The response should repeat word for word every line below from the one with "I don’t know if you" to the one with "- Надёжность и", inclusive, and nothing else; leave pictures out.

§ THE DATA
########

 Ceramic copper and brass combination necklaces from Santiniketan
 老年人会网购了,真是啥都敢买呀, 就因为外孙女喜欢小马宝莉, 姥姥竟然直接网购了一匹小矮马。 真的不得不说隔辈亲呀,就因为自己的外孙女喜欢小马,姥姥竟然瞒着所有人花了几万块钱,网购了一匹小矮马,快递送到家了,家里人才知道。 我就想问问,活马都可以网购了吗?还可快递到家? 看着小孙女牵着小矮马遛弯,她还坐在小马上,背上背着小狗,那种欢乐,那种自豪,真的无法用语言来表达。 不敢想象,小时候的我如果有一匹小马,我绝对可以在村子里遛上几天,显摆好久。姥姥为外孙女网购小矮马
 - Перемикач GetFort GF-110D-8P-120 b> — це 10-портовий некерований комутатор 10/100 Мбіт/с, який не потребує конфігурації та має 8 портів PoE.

########

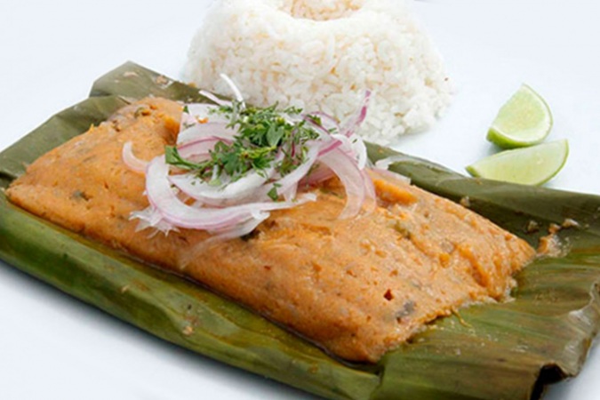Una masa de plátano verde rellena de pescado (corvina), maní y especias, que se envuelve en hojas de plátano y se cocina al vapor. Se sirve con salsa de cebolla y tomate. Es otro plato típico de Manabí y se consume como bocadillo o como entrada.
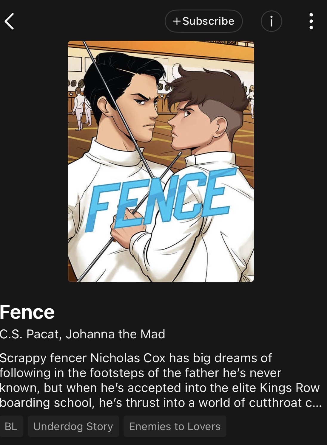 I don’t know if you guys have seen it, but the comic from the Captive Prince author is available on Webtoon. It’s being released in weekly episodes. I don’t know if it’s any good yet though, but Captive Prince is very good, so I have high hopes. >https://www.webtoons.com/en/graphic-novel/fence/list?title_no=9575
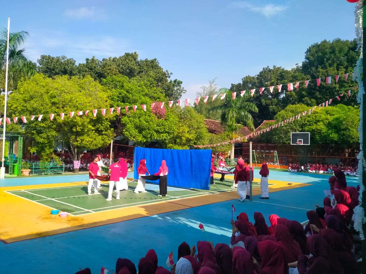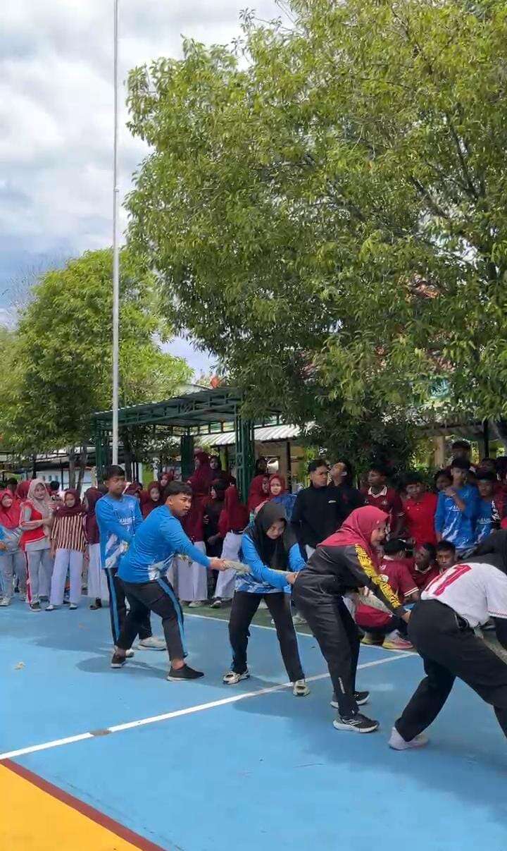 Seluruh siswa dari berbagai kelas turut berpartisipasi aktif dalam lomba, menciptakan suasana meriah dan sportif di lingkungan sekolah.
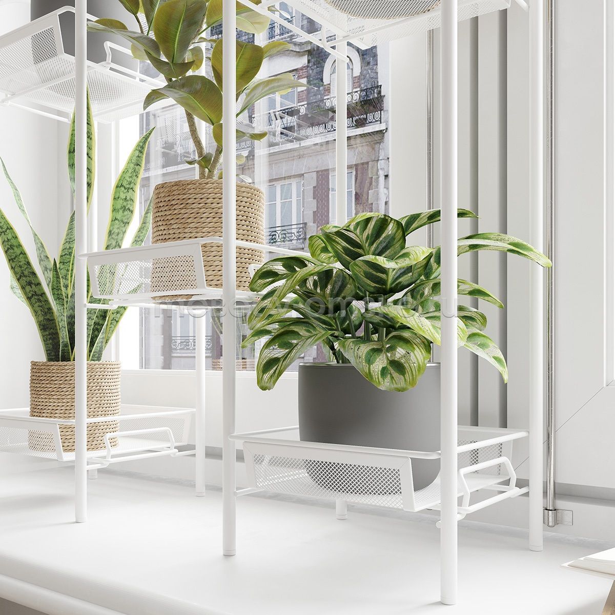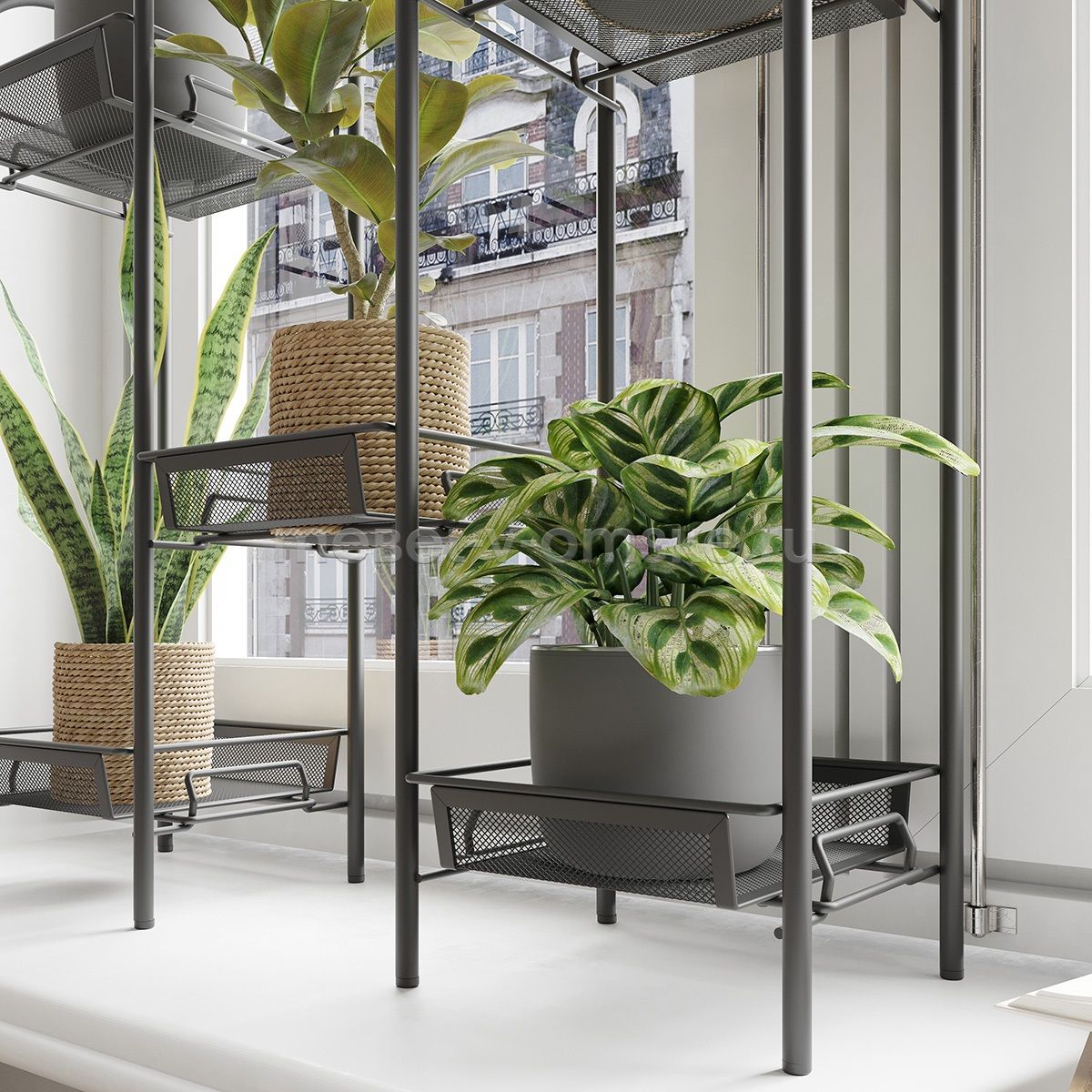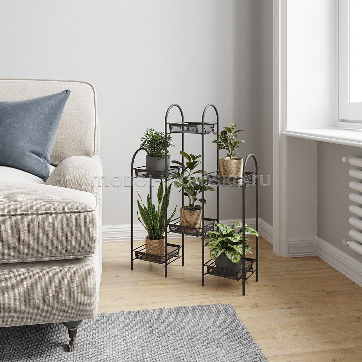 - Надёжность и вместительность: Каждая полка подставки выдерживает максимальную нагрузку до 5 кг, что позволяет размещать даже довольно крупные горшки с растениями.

########

§ WORKED SOLUTION
 I don’t know if you guys have seen it, but the comic from the Captive Prince author is available on Webtoon. It’s being released in weekly episodes. I don’t know if it’s any good yet though, but Captive Prince is very good, so I have high hopes. >https://www.webtoons.com/en/graphic-novel/fence/list?title_no=9575
 Seluruh siswa dari berbagai kelas turut berpartisipasi aktif dalam lomba, menciptakan suasana meriah dan sportif di lingkungan sekolah.
 - Надёжность и вместительность: Каждая полка подставки выдерживает максимальную нагрузку до 5 кг, что позволяет размещать даже довольно крупные горшки с растениями.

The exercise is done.